DETROIT – Detroit can move ahead with a plan to settle a ruinous multimillion-dollar debt with two banks for $85 million, a judge said Friday as he also urged the bankrupt city and other creditors to reach more deals.
Bankruptcy Judge Steven Rhodes signed off on the agreement to pay UBS and Bank of America.
The settlement is just a small portion of the city’s $18 billion in liabilities, which include $12 billion not secured by taxes or other revenue.
Each bank will get $42.5 million spread out over a number of years — a “reasonable” amount, Rhodes said.
The city said in a release Friday afternoon that it already has paid about $12 million of the $85 million owed the banks.
Rhodes said the plan reduces the amount of principal owed to the banks and extends the time to pay what’s left. The agreement also doesn’t require a new loan, he said.
Rhodes had denied earlier proposals for $220 million and $165 million as too generous.

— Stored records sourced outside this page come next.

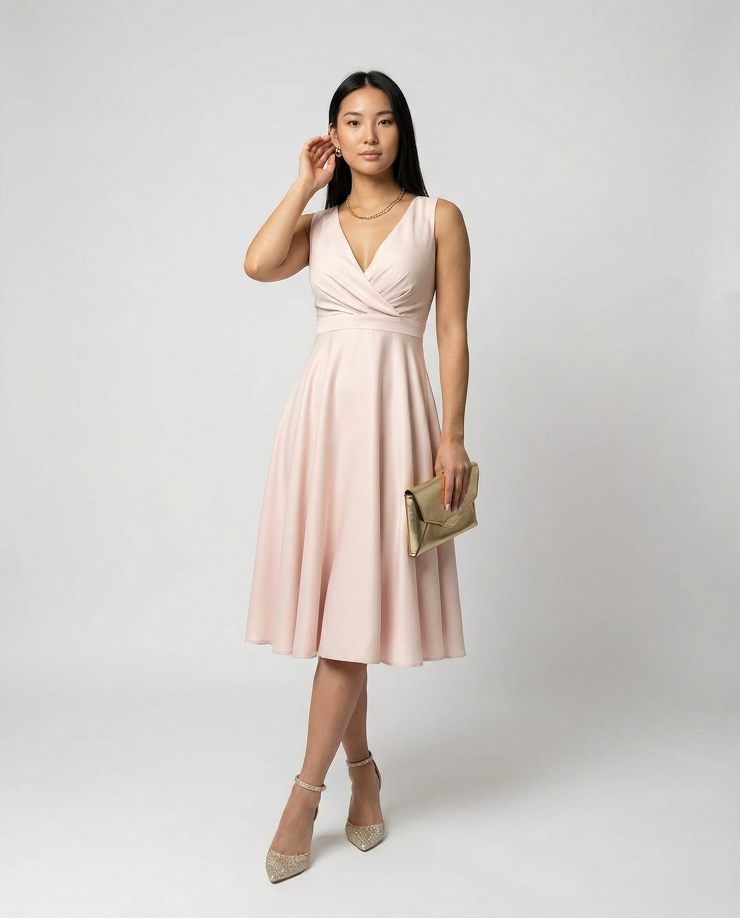 Midi-Kleid in A-Linie, Reißverschluss, Riemen, V-Ausschnitt, ärmellos, elegant, für Damen, Cocktailparty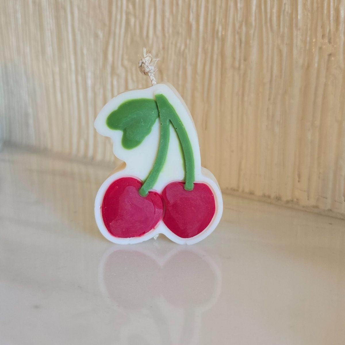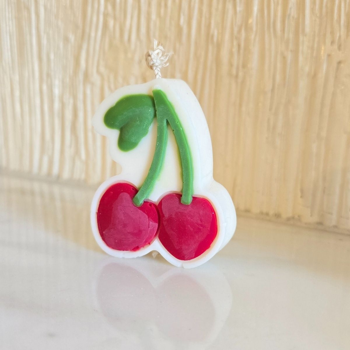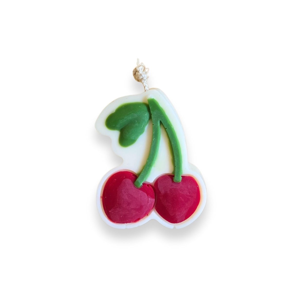 100% plant-based rapeseed wax with a cotton wick, cherry-shaped with a Sour Cherry scent.
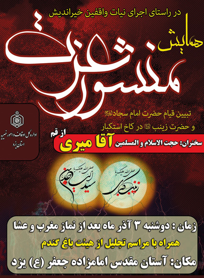 به گزارش روابط عمومی اداره کل اوقاف و امور خیریه استان یزد، حجت الاسلام محمود میرجلیلی با اعلام این خبر افزود: هم زمان با ورود کاروان اهل بیت(ع) به شهر شام در نخستین روز از ماه صفر و خطبهخوانی حضرت سجاد(ع) و عقیله بنی هاشم حضرت زینب کبری(س) در کاخ یزید، "همایش منشور عزت" در «تبیین قیام حضرت امام سجادعلیهالسلام و حضرت زینب سلاماللهعلیها در کاخ استکبار» در امامزاده جعفر (ع) یزد برگزار خواهد شد.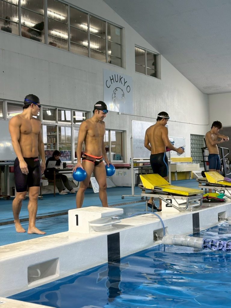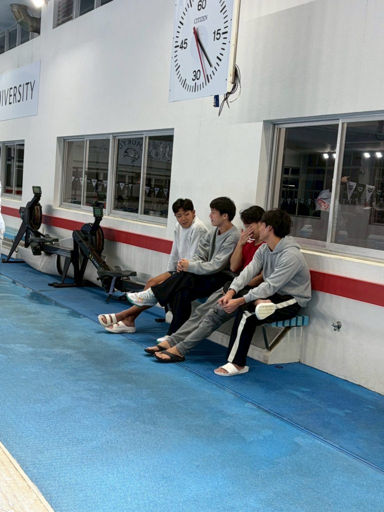 練習後に話しているのは水上チームの比嘉功太郎(1年)、土谷直樹(2年)、岡未来(2年)、東周平(2年)です!何を話しているのでしょうか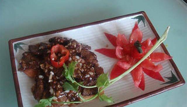 南煎肝是福建省傳統的地方名菜,屬於閩菜系。豬肝要切得比較薄,因為這道菜豬肝在制作的過程中因為要保持新嫩的口感,在鍋中停留的時間就不能長,所以要讓豬肝保持鮮嫩口感的同時又要充分熟透,切得比較薄是關鍵之一。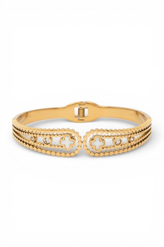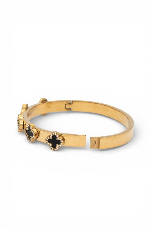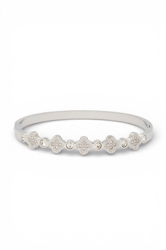 Rhinestone Clover Iconic Stainless Steel Bangle

Detroit had pledged casino tax revenue in 2009 as collateral to avoid defaulting on pension debt payments. It allowed the city to get fixed interest rates on pension bonds with the banks, but the arrangement became too costly when interest rates plunged.
The city had owed $288 million on the so-called swaps deal, made in 2005 and 2006.
The settlement is important in emergency manager Kevyn Orr’s plan to restructure Detroit’s debt and get the city out of bankruptcy by mid-October. It gives Orr momentum and could eventually persuade the judge to order a “cram-down” on other creditors, especially retirees, if they don’t make their own deals.
“Now is the time to negotiate,” Rhodes said. “Litigation should be a last resort.”
Under a cram-down, Rhodes can approve a bankruptcy exit plan if, among other things, it’s been accepted by certain creditors and is considered fair and equitable to other creditors who are opposed.
Earlier in the week, in a separate deal, banks agreed to accept 74 cents for each dollar of $388 million in bond debt.
Detroit continues to hold mediation sessions with retirees, representatives of the city’s two public pension systems and others.
“We’re making good progress in reaching consensual resolutions with our creditors and stakeholders,” Orr said in a release Friday. “The city’s $18 billion debt load is suffocating, and the longer parties wait in hopes of a better deal, the more dire our collective situation becomes.
“We don’t have the luxury of time. The offers on the table are grounded in reality and they won’t last forever.”